Por ello, la adaptación al cambio climático es el siguiente paso y algunas empresas han empezado a ver el potencial del big data de Copérnico. En España, Vortex utiliza estos datos (y su análisis) para encontrar la ubicación óptima en proyectos de energía renovable como parques eólicos, tanto actuales como futuros. En Italia, la consultora GECOsistema ayuda a la Autoridad de Riego y Reclamación de Tierras de Romagna a hacer proyecciones sobre el suministro futuro de agua disponible para los cultivos. Pero también ya hay bodegas que quieren prever los efectos del cambio climático en la calidad de sus vinos o aseguradoras que calculan las pólizas estudiando el histórico de tormentas y el inminente riesgo de desastres naturales. Copérnico se ha utilizado para estudiar rutas comerciales por el Ártico, la estimación de bancos de peces o el momento más adecuado para la siembra.

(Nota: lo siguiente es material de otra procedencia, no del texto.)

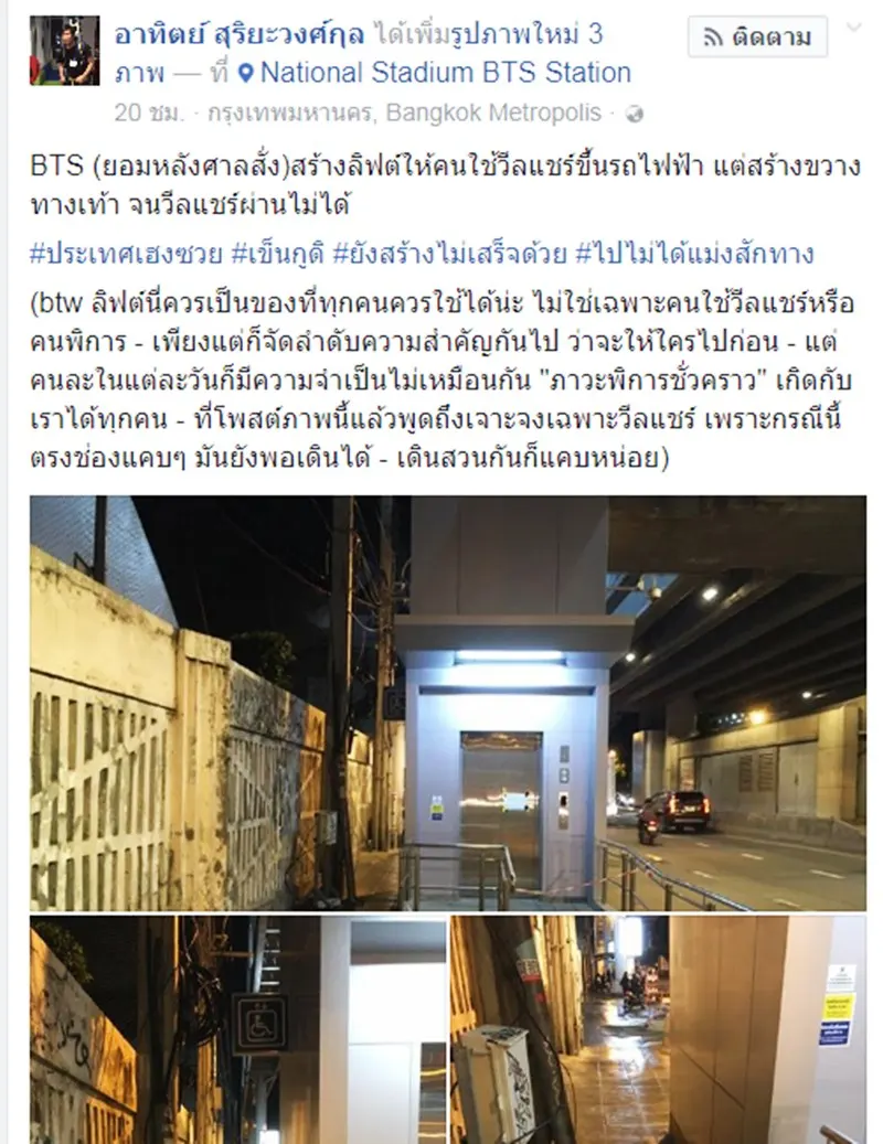BTS (ยอมหลังศาลสั่ง)สร้างลิฟต์ให้คนใช้วีลแชร์ขึ้นรถไฟฟ้า แต่สร้างขวางทางเท้า จนวีลแชร์ผ่านไม่ได้

Mapa satelital de las zonas afectadas por el terremoto y tsunami en Palu - Copernicus

Del Servicio de Monitorización Atmosférica salen, por su parte, empresas como Pasyfo, que envía mensajes que indican si hoy le van a llorar los ojos al combinar los datos de polen con el nivel de alergia personalizada de cada usuario; o Riga Airtext, que manda alertas diarias al móvil sobre la contaminación de las áreas en las que se mueven los letones.
Retribución

Según los cálculos de la Unión Europea, entre 2017 y 2035 el programa podría revertir en beneficios de 131.000 millones de euros para los europeos, en su mayoría para empresas privadas, y se generarán hasta 4.000 empleos al año. «Tenemos razones para ser optimistas», dice Jean-Noël Thépaut, jefe del Servicio de Cambio Climático, al ser preguntado por el futuro del programa. Por cada euro que se ha invertido se producen otros cinco y la expectativa es que en el próximo presupuesto europeo les doten con 5.800 millones de euros más hasta 2027.
Mientras, en el observatorio ubicado en la primera montaña de los Alpes alemanes, los tres científicos que lo custodian siguen con las mediciones que se integrarán en Copérnico. Pero, al igual que el resto del programa, están abiertos a colaboraciones. «Una vez tuvimos un equipo de científicos que como no podían subir a estudiar las nubes, decidieron esperar a que las nubes llegaran a ellos». Eligieron Zugspitze. Y en el observatorio intuyen que no serán los últimos.